[Records supplied]

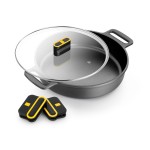 Olla baja de aluminio fundido con antiadherente tricapa de gran calidad teflon innovation, libre de pfoa, con tapa de cristal y pomo de baquelita. apta para todas las fuentes de calor. fondo de gran espesor, sus asas tienen unas agarraderas de silicona extraíbles, con detalles en color amarillo. apta para horno hasta 220°c ( sin tapa ni asas), ø 28 cm
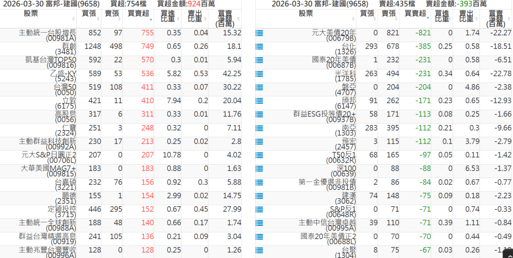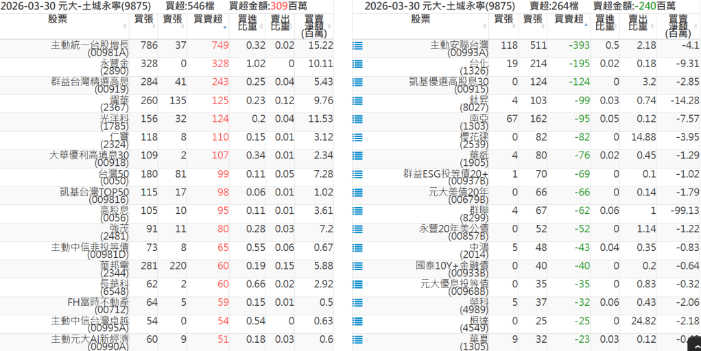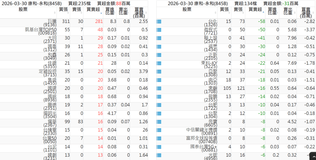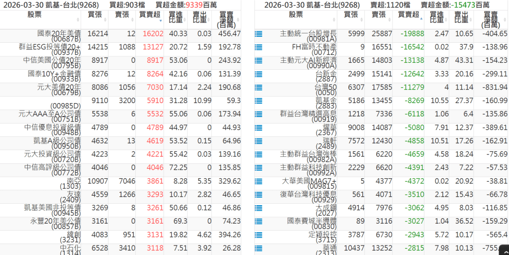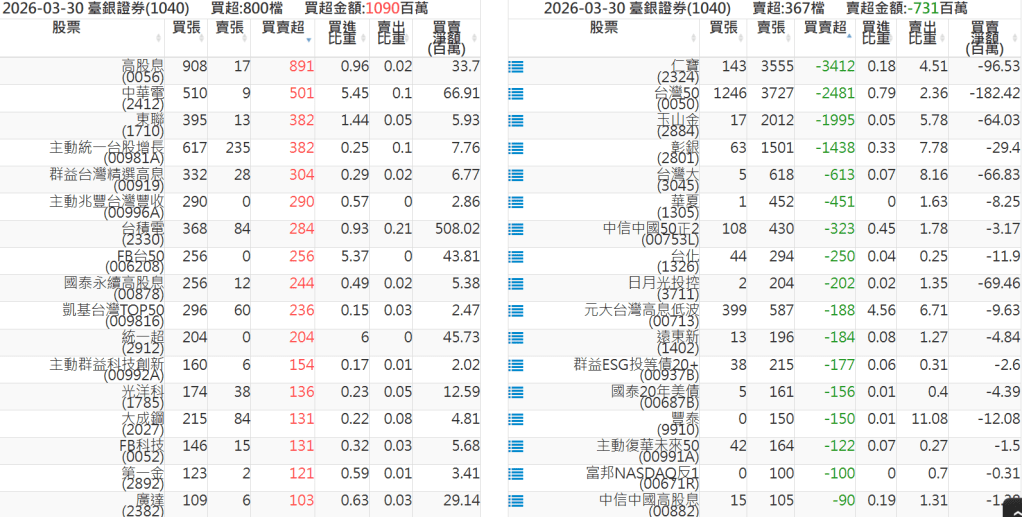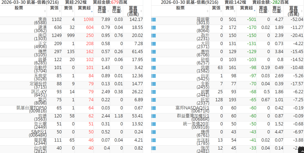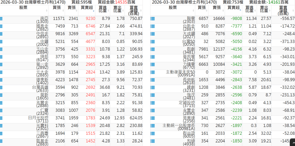 2026-0330關鍵券商買賣超 2026-03-30 股狗網小編 籌碼面每日資訊 發表留言 關鍵券商買賣超: 臺銀證券(1040): 台灣摩根士丹利(1470): 凱基台北(9268): 凱基信義(9216): 元大土城永寧(9875): 康和永和(845B) : 富邦建國(9658): 免責宣言 本網站文章所提供資訊僅供參考,並無任何推介買賣之意,投資人應自行承擔交易風險。 分享此文: 分享到 X(在新視窗中開啟) X 分享到 Facebook(在新視窗中開啟) Facebook 喜歡 正在載入...
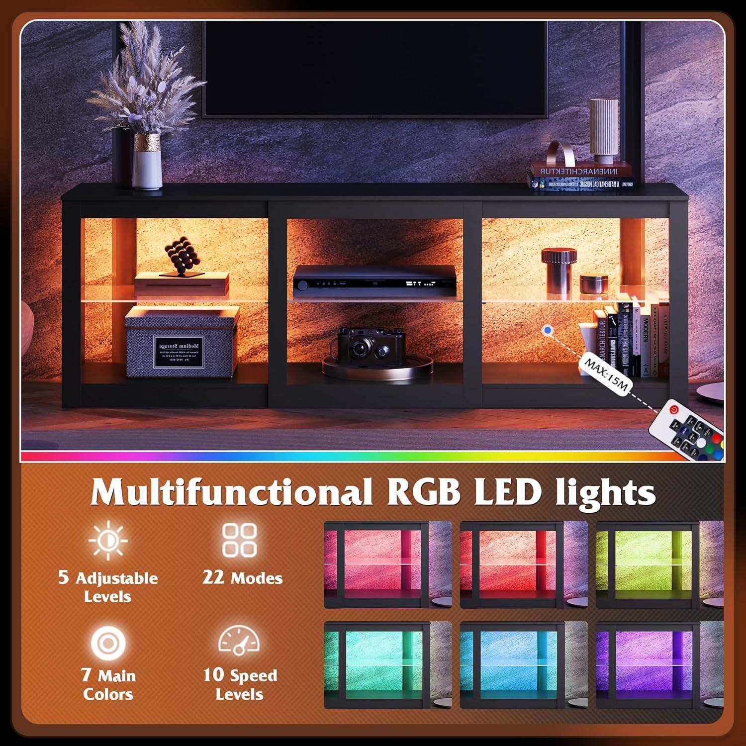 imageWLIVE TV Stand for 43 Inch TV Modern Entertainment Center with LED Lights ampamp Adjustable Glass Shelves Sturdy Media Console for Living Room BedroomGaming BlackBlack
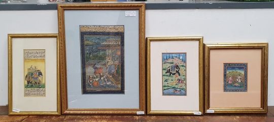 Indian School (19th/20th century)Watercolour and gouacheFour Indian paintings, unsigned, framed and glazed, largest 23.5cm x 14.5cm, smallest 10cm x 8cm (4)
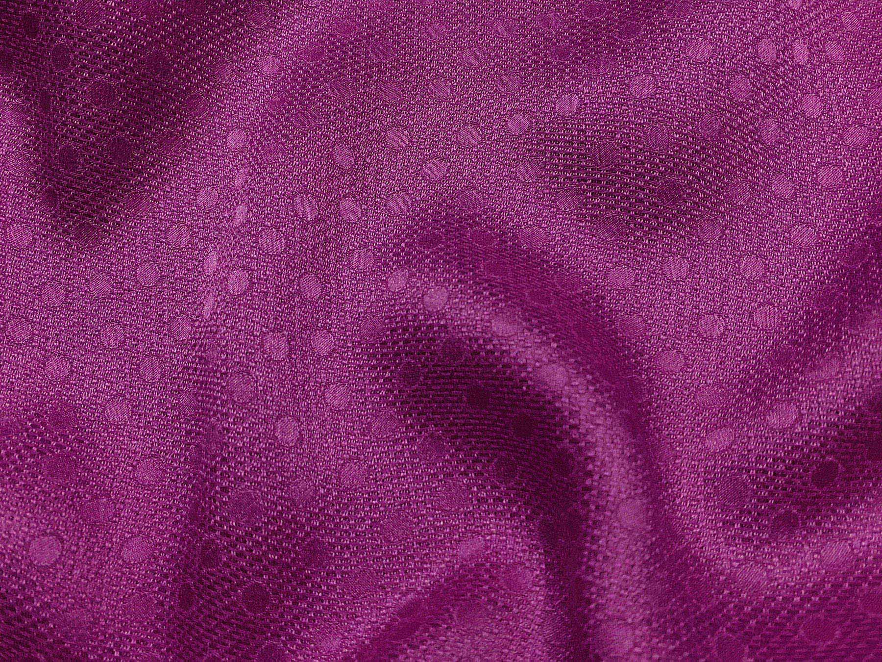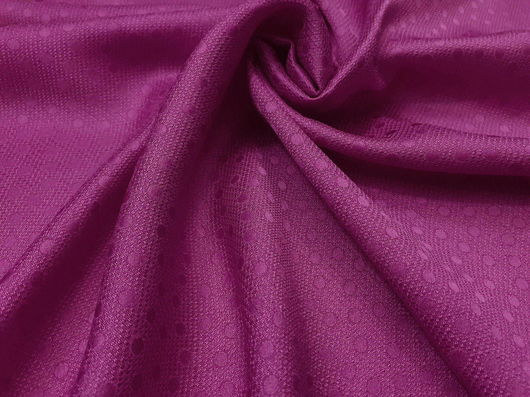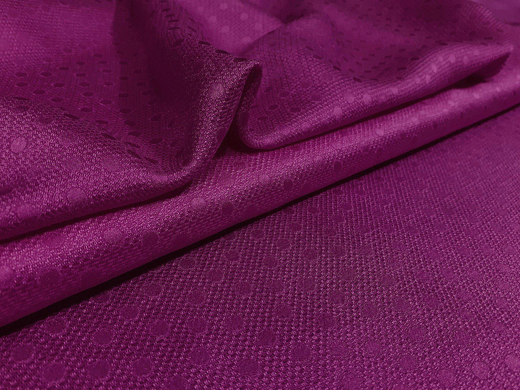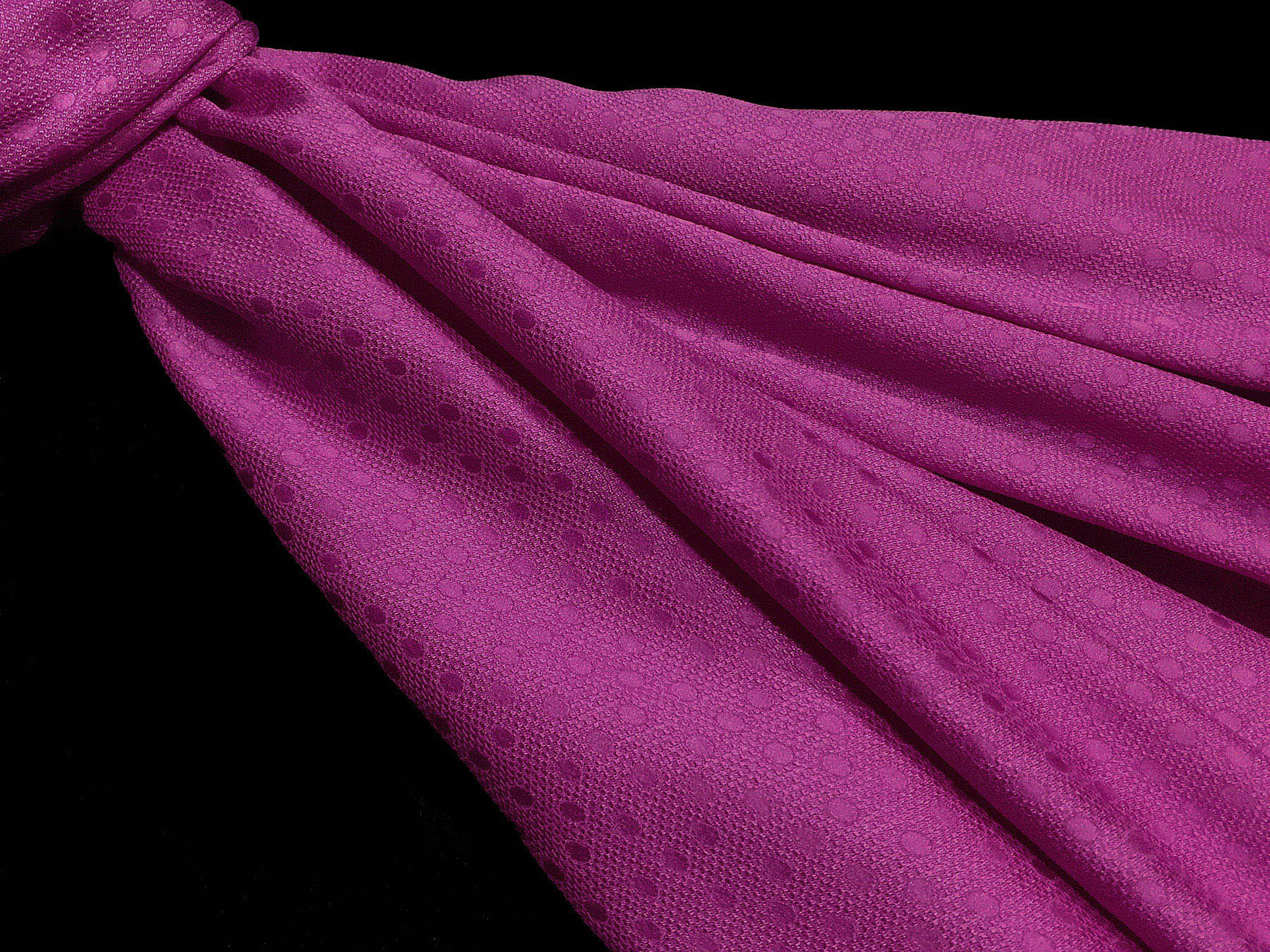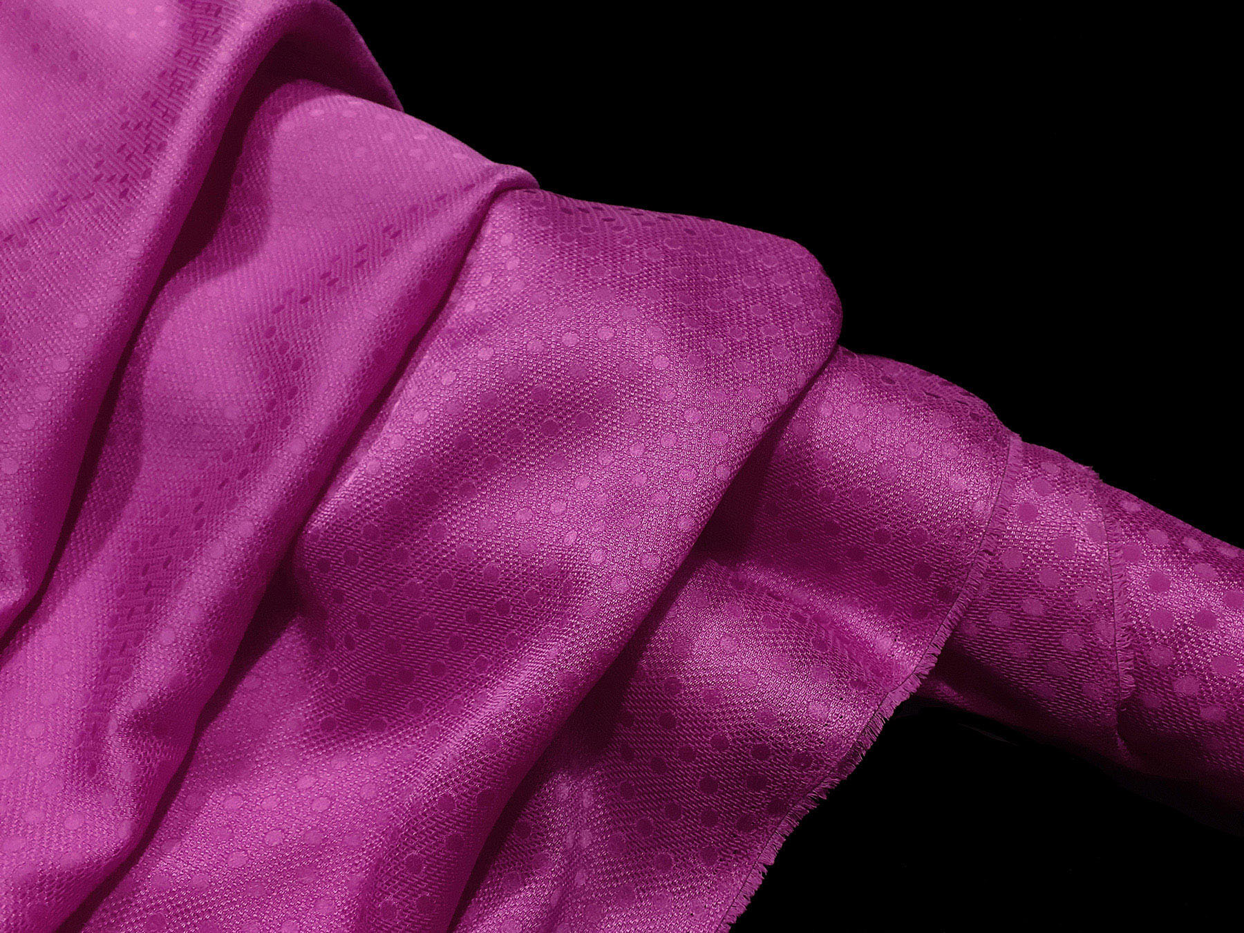 In questo tessuto di seta pura, prodotto a Como, la lavorazione jacquard con il contrasto fra lucido e opaco, crea un piacevole effetto di tridimensionalità. Perfetto per la realizzazione di abiti ampi e sinuosi, grazie alla sua morbidezza e caduta, può essere utilizzato anche per capi più lineari che mettono in evidenza la ricchezza e la particolarità di questo tipo di tessuto.

[/Records supplied]

◆ Prompt ◆
Drop the images and return the data verbatim.

◆ Answer box ◆
 Olla baja de aluminio fundido con antiadherente tricapa de gran calidad teflon innovation, libre de pfoa, con tapa de cristal y pomo de baquelita. apta para todas las fuentes de calor. fondo de gran espesor, sus asas tienen unas agarraderas de silicona extraíbles, con detalles en color amarillo. apta para horno hasta 220°c ( sin tapa ni asas), ø 28 cm
 2026-0330關鍵券商買賣超 2026-03-30 股狗網小編 籌碼面每日資訊 發表留言 關鍵券商買賣超: 臺銀證券(1040): 台灣摩根士丹利(1470): 凱基台北(9268): 凱基信義(9216): 元大土城永寧(9875): 康和永和(845B) : 富邦建國(9658): 免責宣言 本網站文章所提供資訊僅供參考,並無任何推介買賣之意,投資人應自行承擔交易風險。 分享此文: 分享到 X(在新視窗中開啟) X 分享到 Facebook(在新視窗中開啟) Facebook 喜歡 正在載入...
 imageWLIVE TV Stand for 43 Inch TV Modern Entertainment Center with LED Lights ampamp Adjustable Glass Shelves Sturdy Media Console for Living Room BedroomGaming BlackBlack
 Indian School (19th/20th century)Watercolour and gouacheFour Indian paintings, unsigned, framed and glazed, largest 23.5cm x 14.5cm, smallest 10cm x 8cm (4)
 In questo tessuto di seta pura, prodotto a Como, la lavorazione jacquard con il contrasto fra lucido e opaco, crea un piacevole effetto di tridimensionalità. Perfetto per la realizzazione di abiti ampi e sinuosi, grazie alla sua morbidezza e caduta, può essere utilizzato anche per capi più lineari che mettono in evidenza la ricchezza e la particolarità di questo tipo di tessuto.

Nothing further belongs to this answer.